* YOUR TASK *
Transcribe the listing verbatim. Do not carry over any pictures.

* DATA FOR ANALYSIS *
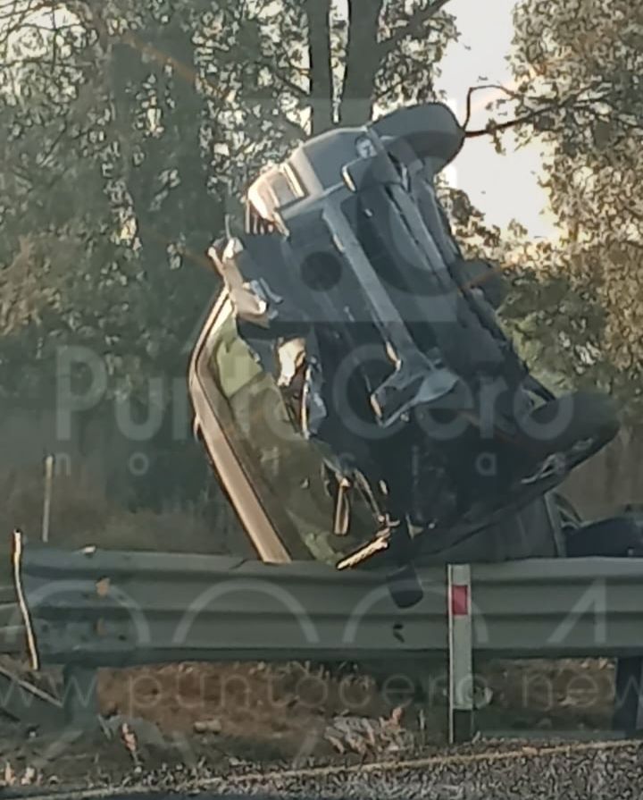 La camioneta terminó impactándose contra los muros de contención centrales, quedando semivolcada sobre ellos.
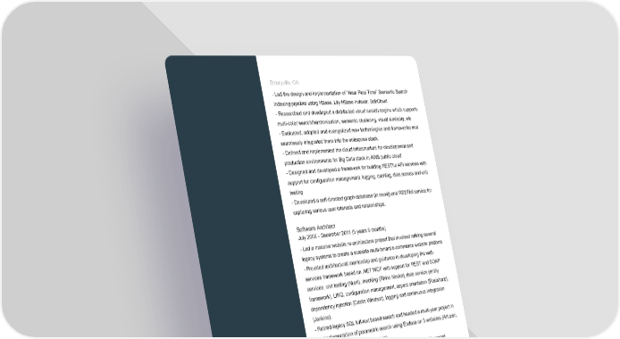 Emeryville, CA - Led the design and implementation of “Near Real Time” Semantic Search Indexing pipeline using HBase, Lily HBase Indexer, SolrCloud - Researched and developed a distributed visual search engine which supports multi-color search/harmonization, semantic clustering, visual similarity, etc - Evaluated, adopted and evangelized new technologies and frameworks and seamlessly integrated them into the enterprise stack. - Defined and implemented the cloud infrastructure for development and production environments for Big Data stack in AWS public cloud - Designed and developed a framework for building RESTful API services with support for configuration management, logging, caching, data access and unit testing - Developed a self-directed graph database (in neo4j) and RESTful service for capturing various user interests and relationships. Software Architect July 2006 - December 2011 (5 years 6 months) - Led a massive website re-architecture project that involved retiring several legacy systems to create a scalable multi-tenant e-commerce website platform. - Provided architectural mentorship and guidance in developing the web- services framework based on .NET WCF with support for REST and SOAP services, unit testing (Nunit), mocking (Rhino Mocks), data service (entity framework), LINQ, configuration management, aspect orientation (Postsharp), dependency injection (Castle Windsor), logging and continuous integration (Jenkins). - Retired legacy SQL full-text based search and headed a multi-year project in the implementation of parametric search using Endeca on 3 websites (Art.com, Allposters.com and ArtistRising.com). - Designed a scalable event-driven framework for automated keyword generation service for SEM, currently supporting more than 100 billion keywords and 50 geo-targets. AllPosters.com Sr. Programmer Analyst October 2004 - June 2006 (1 year 9 months) Emeryville, CA - Designed and developed several end-to-end features of the website (multi- language support, cross-selling module, gallery page redesign, etc.) in ASP.NET webforms. Page 3 of 5
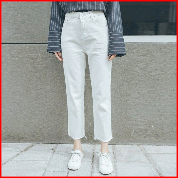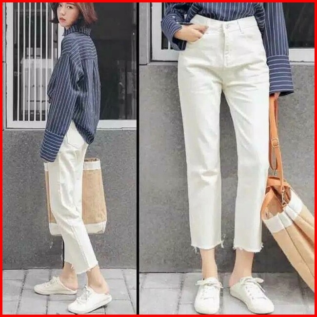27-34 Unfinished Boyfriend White Celana Jeans Wanita Kekinian Size
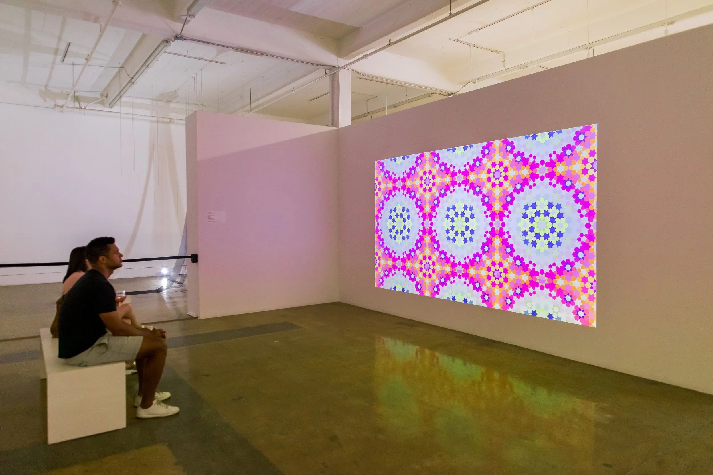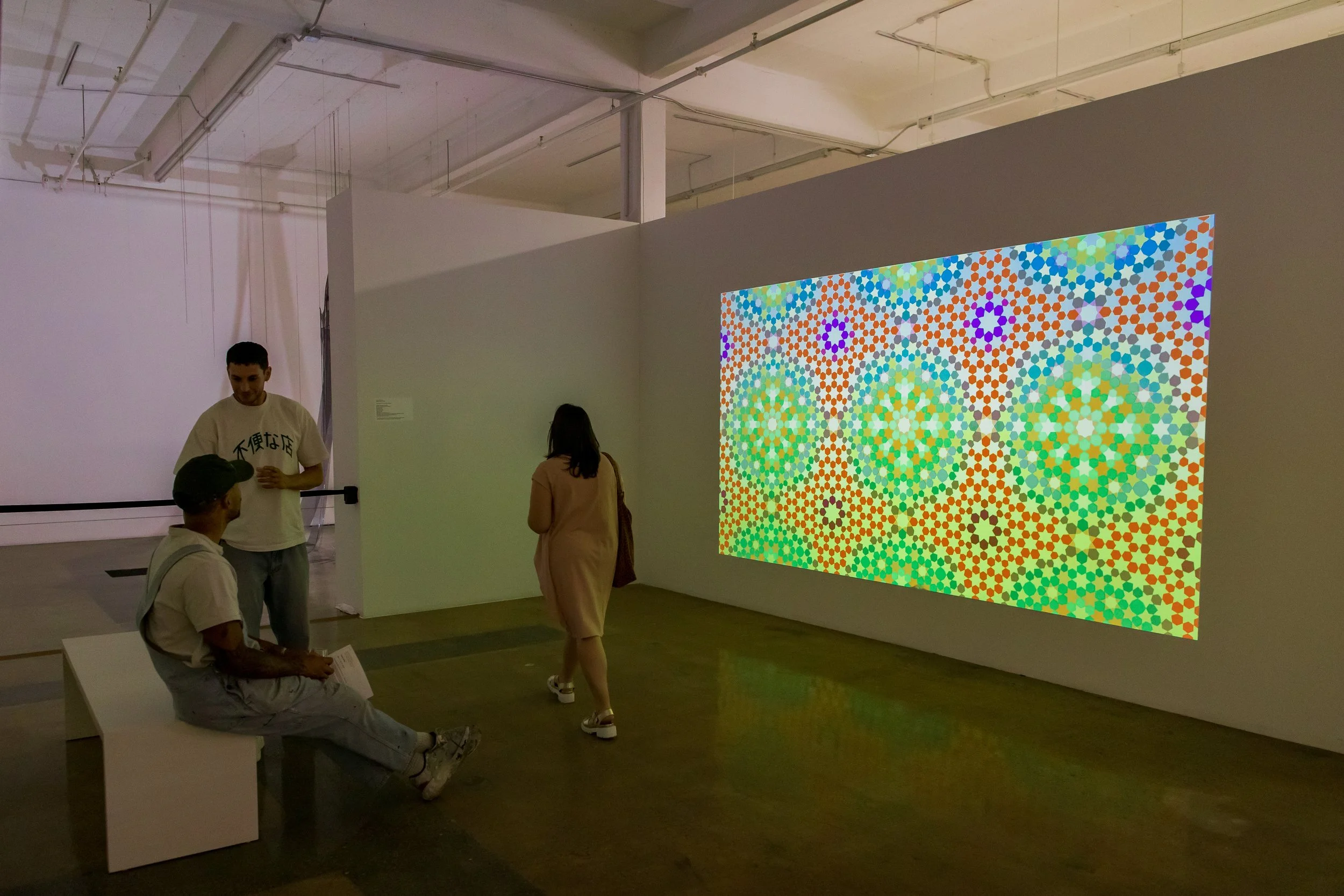 Sharjah Spectrum animation was installed at the Sharjah Art Museum in December 2015. The piece has had music composed especially for it and participants could choose the colours in the gallery with their mobile phones. The colour choices were updated via WIFI every 20 seconds. When there are no choices being made, the computer code made a random colour choice. The animation loops infinitely, the way it has been designed, it is very unlikely that the same colour and time sequence will ever repeat
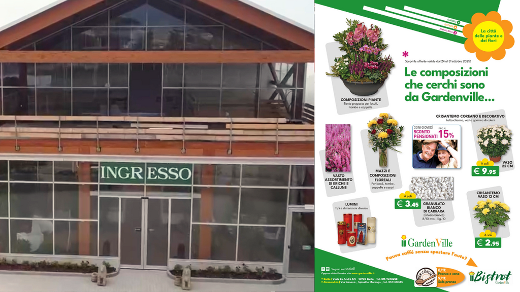 Gardenville “la città delle piante e dei fiori” è anche un luogo accogliente dove prendersi una pausa: nel punto vendita di Biella è disponibile un comodo bistrot con area caffè, perfetto per rilassarsi senza spostare l’auto.
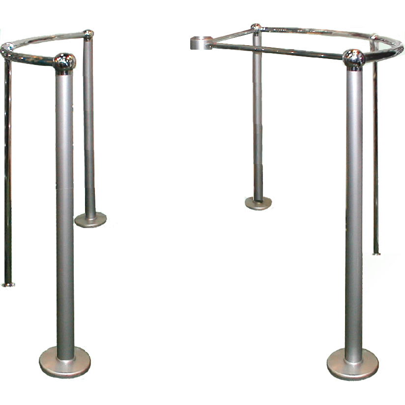Ограждение люкс. Комплект состоит из двух полукруглых горизонтальных перемычек, четырех стационарных крашеных стоек, две из которых соединены через разрезное кольцо с турникетом.
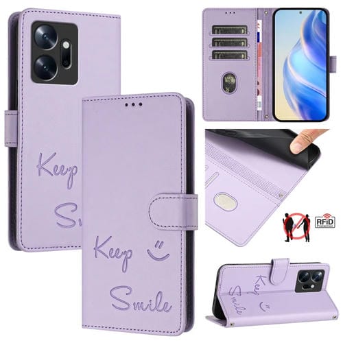 Funda de Cuero Rfid con Relieve Sonriente para Teléfono Infinix Zero 20 (Morado Claro)
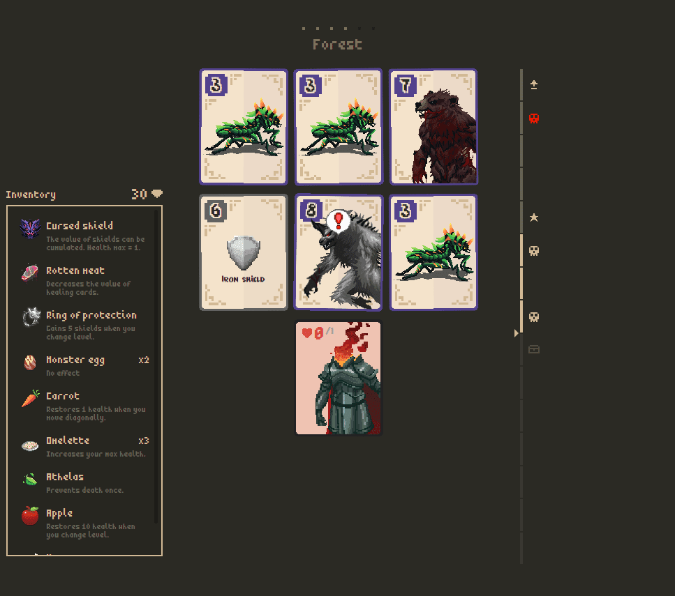 Cominciare a giocare a Forward è facile e intuitivo: la carta del proprio personaggio va trascinata col mouse sempre in avanti (“forward” appunto), in verticale o in diagonale, raccogliendo le carte-oggetto in grado di influenzare il gioco in maniera positiva (scudi, pozioni di salute, anelli magici ecc.) o negativa (scudi maledetti, “carne marcia”, fossili attira-mostri o altro). L’interazione coi mostri può avvenire in maniera diretta, attaccando direttamente con la nostra carta-personaggio, oppure in maniera indiretta “atterrando” davanti alla carta corrispondente.
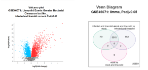 Figure 2: A and B: Data from GEO2R results A. volcano plot and B. venn diagram. In the volcano plot Red dots mean highly expressed or up-regulated. Blue dots means less express or down-regulated. And black dots mean they’re no differences between the 2 groups. Most were highly expressive, but there was still a good amount of less expressive genes. In the venn diagram, there are a total of 20859 genes. 771 of the genes are in infected and linezolid vs mock, 552 genes are in mock and linezolid vs infected and linezolid, and 3515 genes overlapped in both.

* RESULT OF THIS TASK *
 La camioneta terminó impactándose contra los muros de contención centrales, quedando semivolcada sobre ellos.
 Emeryville, CA - Led the design and implementation of “Near Real Time” Semantic Search Indexing pipeline using HBase, Lily HBase Indexer, SolrCloud - Researched and developed a distributed visual search engine which supports multi-color search/harmonization, semantic clustering, visual similarity, etc - Evaluated, adopted and evangelized new technologies and frameworks and seamlessly integrated them into the enterprise stack. - Defined and implemented the cloud infrastructure for development and production environments for Big Data stack in AWS public cloud - Designed and developed a framework for building RESTful API services with support for configuration management, logging, caching, data access and unit testing - Developed a self-directed graph database (in neo4j) and RESTful service for capturing various user interests and relationships. Software Architect July 2006 - December 2011 (5 years 6 months) - Led a massive website re-architecture project that involved retiring several legacy systems to create a scalable multi-tenant e-commerce website platform. - Provided architectural mentorship and guidance in developing the web- services framework based on .NET WCF with support for REST and SOAP services, unit testing (Nunit), mocking (Rhino Mocks), data service (entity framework), LINQ, configuration management, aspect orientation (Postsharp), dependency injection (Castle Windsor), logging and continuous integration (Jenkins). - Retired legacy SQL full-text based search and headed a multi-year project in the implementation of parametric search using Endeca on 3 websites (Art.com, Allposters.com and ArtistRising.com). - Designed a scalable event-driven framework for automated keyword generation service for SEM, currently supporting more than 100 billion keywords and 50 geo-targets. AllPosters.com Sr. Programmer Analyst October 2004 - June 2006 (1 year 9 months) Emeryville, CA - Designed and developed several end-to-end features of the website (multi- language support, cross-selling module, gallery page redesign, etc.) in ASP.NET webforms. Page 3 of 5
27-34 Unfinished Boyfriend White Celana Jeans Wanita Kekinian Size
 Sharjah Spectrum animation was installed at the Sharjah Art Museum in December 2015. The piece has had music composed especially for it and participants could choose the colours in the gallery with their mobile phones. The colour choices were updated via WIFI every 20 seconds. When there are no choices being made, the computer code made a random colour choice. The animation loops infinitely, the way it has been designed, it is very unlikely that the same colour and time sequence will ever repeat
 Gardenville “la città delle piante e dei fiori” è anche un luogo accogliente dove prendersi una pausa: nel punto vendita di Biella è disponibile un comodo bistrot con area caffè, perfetto per rilassarsi senza spostare l’auto.
Ограждение люкс. Комплект состоит из двух полукруглых горизонтальных перемычек, четырех стационарных крашеных стоек, две из которых соединены через разрезное кольцо с турникетом.
 Funda de Cuero Rfid con Relieve Sonriente para Teléfono Infinix Zero 20 (Morado Claro)
 Cominciare a giocare a Forward è facile e intuitivo: la carta del proprio personaggio va trascinata col mouse sempre in avanti (“forward” appunto), in verticale o in diagonale, raccogliendo le carte-oggetto in grado di influenzare il gioco in maniera positiva (scudi, pozioni di salute, anelli magici ecc.) o negativa (scudi maledetti, “carne marcia”, fossili attira-mostri o altro). L’interazione coi mostri può avvenire in maniera diretta, attaccando direttamente con la nostra carta-personaggio, oppure in maniera indiretta “atterrando” davanti alla carta corrispondente.
 Figure 2: A and B: Data from GEO2R results A. volcano plot and B. venn diagram. In the volcano plot Red dots mean highly expressed or up-regulated. Blue dots means less express or down-regulated. And black dots mean they’re no differences between the 2 groups. Most were highly expressive, but there was still a good amount of less expressive genes. In the venn diagram, there are a total of 20859 genes. 771 of the genes are in infected and linezolid vs mock, 552 genes are in mock and linezolid vs infected and linezolid, and 3515 genes overlapped in both.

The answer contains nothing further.